> [YOUR INSTRUCTIONS] Transcribe each line below word for word.

> [GIVEN ENTRIES]
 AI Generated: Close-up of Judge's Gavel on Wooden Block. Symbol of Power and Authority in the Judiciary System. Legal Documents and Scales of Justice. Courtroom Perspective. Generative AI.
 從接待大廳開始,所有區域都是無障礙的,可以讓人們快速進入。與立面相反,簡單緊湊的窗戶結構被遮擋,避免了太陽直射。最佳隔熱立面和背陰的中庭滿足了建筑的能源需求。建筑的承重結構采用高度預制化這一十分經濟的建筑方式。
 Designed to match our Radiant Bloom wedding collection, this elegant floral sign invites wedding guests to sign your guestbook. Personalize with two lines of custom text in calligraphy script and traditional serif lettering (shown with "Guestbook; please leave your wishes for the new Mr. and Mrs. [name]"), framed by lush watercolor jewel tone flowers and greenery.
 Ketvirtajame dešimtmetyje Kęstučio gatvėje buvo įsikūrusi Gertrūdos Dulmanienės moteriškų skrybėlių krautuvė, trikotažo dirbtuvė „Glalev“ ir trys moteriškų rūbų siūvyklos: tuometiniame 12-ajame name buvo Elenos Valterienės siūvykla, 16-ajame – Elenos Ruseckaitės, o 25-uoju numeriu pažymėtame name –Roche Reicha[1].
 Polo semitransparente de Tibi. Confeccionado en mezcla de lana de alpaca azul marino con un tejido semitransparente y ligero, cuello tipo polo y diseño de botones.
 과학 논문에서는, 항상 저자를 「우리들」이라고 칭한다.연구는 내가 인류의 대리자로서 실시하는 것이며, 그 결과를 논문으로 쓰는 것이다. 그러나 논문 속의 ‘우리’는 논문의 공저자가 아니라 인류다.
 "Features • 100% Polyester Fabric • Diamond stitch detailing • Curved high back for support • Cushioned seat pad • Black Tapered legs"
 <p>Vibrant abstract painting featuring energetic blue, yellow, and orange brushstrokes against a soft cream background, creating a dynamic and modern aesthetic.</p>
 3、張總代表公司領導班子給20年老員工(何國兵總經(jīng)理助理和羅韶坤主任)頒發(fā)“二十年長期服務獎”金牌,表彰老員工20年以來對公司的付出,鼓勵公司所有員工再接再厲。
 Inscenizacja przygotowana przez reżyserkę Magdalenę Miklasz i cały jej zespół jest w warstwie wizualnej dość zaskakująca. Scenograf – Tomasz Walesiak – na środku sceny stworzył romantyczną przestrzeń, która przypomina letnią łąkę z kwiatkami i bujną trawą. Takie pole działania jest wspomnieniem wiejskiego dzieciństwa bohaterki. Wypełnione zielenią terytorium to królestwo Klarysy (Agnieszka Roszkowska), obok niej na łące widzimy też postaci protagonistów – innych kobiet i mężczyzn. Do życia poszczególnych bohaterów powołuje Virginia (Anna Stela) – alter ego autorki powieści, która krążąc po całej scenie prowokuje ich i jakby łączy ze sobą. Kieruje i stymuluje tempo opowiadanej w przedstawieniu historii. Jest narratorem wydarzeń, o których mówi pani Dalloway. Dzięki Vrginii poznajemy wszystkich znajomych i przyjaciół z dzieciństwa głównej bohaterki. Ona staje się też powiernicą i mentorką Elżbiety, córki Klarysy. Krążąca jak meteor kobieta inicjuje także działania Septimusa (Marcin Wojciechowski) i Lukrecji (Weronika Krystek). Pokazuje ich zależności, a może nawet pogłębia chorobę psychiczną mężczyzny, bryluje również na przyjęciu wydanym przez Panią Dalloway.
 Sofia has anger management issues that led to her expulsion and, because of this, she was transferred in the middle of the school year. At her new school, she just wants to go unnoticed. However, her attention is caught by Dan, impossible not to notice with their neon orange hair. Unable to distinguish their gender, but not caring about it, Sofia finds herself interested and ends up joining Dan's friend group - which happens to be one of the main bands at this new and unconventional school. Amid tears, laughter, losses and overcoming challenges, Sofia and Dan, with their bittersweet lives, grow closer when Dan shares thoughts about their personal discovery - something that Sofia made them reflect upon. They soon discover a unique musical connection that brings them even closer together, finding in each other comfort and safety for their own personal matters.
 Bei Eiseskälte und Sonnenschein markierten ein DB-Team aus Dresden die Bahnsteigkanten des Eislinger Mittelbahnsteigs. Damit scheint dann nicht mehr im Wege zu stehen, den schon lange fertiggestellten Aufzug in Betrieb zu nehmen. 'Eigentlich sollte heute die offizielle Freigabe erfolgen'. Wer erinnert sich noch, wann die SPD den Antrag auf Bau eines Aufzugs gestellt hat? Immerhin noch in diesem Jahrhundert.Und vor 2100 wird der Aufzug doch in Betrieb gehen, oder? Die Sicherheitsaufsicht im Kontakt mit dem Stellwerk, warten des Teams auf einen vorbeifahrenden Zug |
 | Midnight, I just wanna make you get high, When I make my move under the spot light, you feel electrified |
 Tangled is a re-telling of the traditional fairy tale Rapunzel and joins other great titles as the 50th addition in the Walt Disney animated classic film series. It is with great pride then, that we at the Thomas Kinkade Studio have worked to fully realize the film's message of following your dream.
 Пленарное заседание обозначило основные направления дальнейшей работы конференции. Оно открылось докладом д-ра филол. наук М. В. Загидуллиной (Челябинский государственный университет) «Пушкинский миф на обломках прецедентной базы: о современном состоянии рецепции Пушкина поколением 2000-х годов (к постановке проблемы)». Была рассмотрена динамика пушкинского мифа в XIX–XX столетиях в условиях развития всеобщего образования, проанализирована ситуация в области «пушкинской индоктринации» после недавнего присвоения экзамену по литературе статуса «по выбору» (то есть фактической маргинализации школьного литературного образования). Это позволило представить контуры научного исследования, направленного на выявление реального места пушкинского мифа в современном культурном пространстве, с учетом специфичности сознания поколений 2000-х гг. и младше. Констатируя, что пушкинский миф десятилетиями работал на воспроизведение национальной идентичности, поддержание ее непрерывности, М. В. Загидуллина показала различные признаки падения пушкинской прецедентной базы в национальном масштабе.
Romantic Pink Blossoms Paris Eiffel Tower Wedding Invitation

> [SOLUTION]
 AI Generated: Close-up of Judge's Gavel on Wooden Block. Symbol of Power and Authority in the Judiciary System. Legal Documents and Scales of Justice. Courtroom Perspective. Generative AI.
 從接待大廳開始,所有區域都是無障礙的,可以讓人們快速進入。與立面相反,簡單緊湊的窗戶結構被遮擋,避免了太陽直射。最佳隔熱立面和背陰的中庭滿足了建筑的能源需求。建筑的承重結構采用高度預制化這一十分經濟的建筑方式。
 Designed to match our Radiant Bloom wedding collection, this elegant floral sign invites wedding guests to sign your guestbook. Personalize with two lines of custom text in calligraphy script and traditional serif lettering (shown with "Guestbook; please leave your wishes for the new Mr. and Mrs. [name]"), framed by lush watercolor jewel tone flowers and greenery.
 Ketvirtajame dešimtmetyje Kęstučio gatvėje buvo įsikūrusi Gertrūdos Dulmanienės moteriškų skrybėlių krautuvė, trikotažo dirbtuvė „Glalev“ ir trys moteriškų rūbų siūvyklos: tuometiniame 12-ajame name buvo Elenos Valterienės siūvykla, 16-ajame – Elenos Ruseckaitės, o 25-uoju numeriu pažymėtame name –Roche Reicha[1].
 Polo semitransparente de Tibi. Confeccionado en mezcla de lana de alpaca azul marino con un tejido semitransparente y ligero, cuello tipo polo y diseño de botones.
 과학 논문에서는, 항상 저자를 「우리들」이라고 칭한다.연구는 내가 인류의 대리자로서 실시하는 것이며, 그 결과를 논문으로 쓰는 것이다. 그러나 논문 속의 ‘우리’는 논문의 공저자가 아니라 인류다.
 "Features • 100% Polyester Fabric • Diamond stitch detailing • Curved high back for support • Cushioned seat pad • Black Tapered legs"
 <p>Vibrant abstract painting featuring energetic blue, yellow, and orange brushstrokes against a soft cream background, creating a dynamic and modern aesthetic.</p>
 3、張總代表公司領導班子給20年老員工(何國兵總經(jīng)理助理和羅韶坤主任)頒發(fā)“二十年長期服務獎”金牌,表彰老員工20年以來對公司的付出,鼓勵公司所有員工再接再厲。
 Inscenizacja przygotowana przez reżyserkę Magdalenę Miklasz i cały jej zespół jest w warstwie wizualnej dość zaskakująca. Scenograf – Tomasz Walesiak – na środku sceny stworzył romantyczną przestrzeń, która przypomina letnią łąkę z kwiatkami i bujną trawą. Takie pole działania jest wspomnieniem wiejskiego dzieciństwa bohaterki. Wypełnione zielenią terytorium to królestwo Klarysy (Agnieszka Roszkowska), obok niej na łące widzimy też postaci protagonistów – innych kobiet i mężczyzn. Do życia poszczególnych bohaterów powołuje Virginia (Anna Stela) – alter ego autorki powieści, która krążąc po całej scenie prowokuje ich i jakby łączy ze sobą. Kieruje i stymuluje tempo opowiadanej w przedstawieniu historii. Jest narratorem wydarzeń, o których mówi pani Dalloway. Dzięki Vrginii poznajemy wszystkich znajomych i przyjaciół z dzieciństwa głównej bohaterki. Ona staje się też powiernicą i mentorką Elżbiety, córki Klarysy. Krążąca jak meteor kobieta inicjuje także działania Septimusa (Marcin Wojciechowski) i Lukrecji (Weronika Krystek). Pokazuje ich zależności, a może nawet pogłębia chorobę psychiczną mężczyzny, bryluje również na przyjęciu wydanym przez Panią Dalloway.
 Sofia has anger management issues that led to her expulsion and, because of this, she was transferred in the middle of the school year. At her new school, she just wants to go unnoticed. However, her attention is caught by Dan, impossible not to notice with their neon orange hair. Unable to distinguish their gender, but not caring about it, Sofia finds herself interested and ends up joining Dan's friend group - which happens to be one of the main bands at this new and unconventional school. Amid tears, laughter, losses and overcoming challenges, Sofia and Dan, with their bittersweet lives, grow closer when Dan shares thoughts about their personal discovery - something that Sofia made them reflect upon. They soon discover a unique musical connection that brings them even closer together, finding in each other comfort and safety for their own personal matters.
 Bei Eiseskälte und Sonnenschein markierten ein DB-Team aus Dresden die Bahnsteigkanten des Eislinger Mittelbahnsteigs. Damit scheint dann nicht mehr im Wege zu stehen, den schon lange fertiggestellten Aufzug in Betrieb zu nehmen. 'Eigentlich sollte heute die offizielle Freigabe erfolgen'. Wer erinnert sich noch, wann die SPD den Antrag auf Bau eines Aufzugs gestellt hat? Immerhin noch in diesem Jahrhundert.Und vor 2100 wird der Aufzug doch in Betrieb gehen, oder? Die Sicherheitsaufsicht im Kontakt mit dem Stellwerk, warten des Teams auf einen vorbeifahrenden Zug |
 | Midnight, I just wanna make you get high, When I make my move under the spot light, you feel electrified |
 Tangled is a re-telling of the traditional fairy tale Rapunzel and joins other great titles as the 50th addition in the Walt Disney animated classic film series. It is with great pride then, that we at the Thomas Kinkade Studio have worked to fully realize the film's message of following your dream.
 Пленарное заседание обозначило основные направления дальнейшей работы конференции. Оно открылось докладом д-ра филол. наук М. В. Загидуллиной (Челябинский государственный университет) «Пушкинский миф на обломках прецедентной базы: о современном состоянии рецепции Пушкина поколением 2000-х годов (к постановке проблемы)». Была рассмотрена динамика пушкинского мифа в XIX–XX столетиях в условиях развития всеобщего образования, проанализирована ситуация в области «пушкинской индоктринации» после недавнего присвоения экзамену по литературе статуса «по выбору» (то есть фактической маргинализации школьного литературного образования). Это позволило представить контуры научного исследования, направленного на выявление реального места пушкинского мифа в современном культурном пространстве, с учетом специфичности сознания поколений 2000-х гг. и младше. Констатируя, что пушкинский миф десятилетиями работал на воспроизведение национальной идентичности, поддержание ее непрерывности, М. В. Загидуллина показала различные признаки падения пушкинской прецедентной базы в национальном масштабе.
Romantic Pink Blossoms Paris Eiffel Tower Wedding Invitation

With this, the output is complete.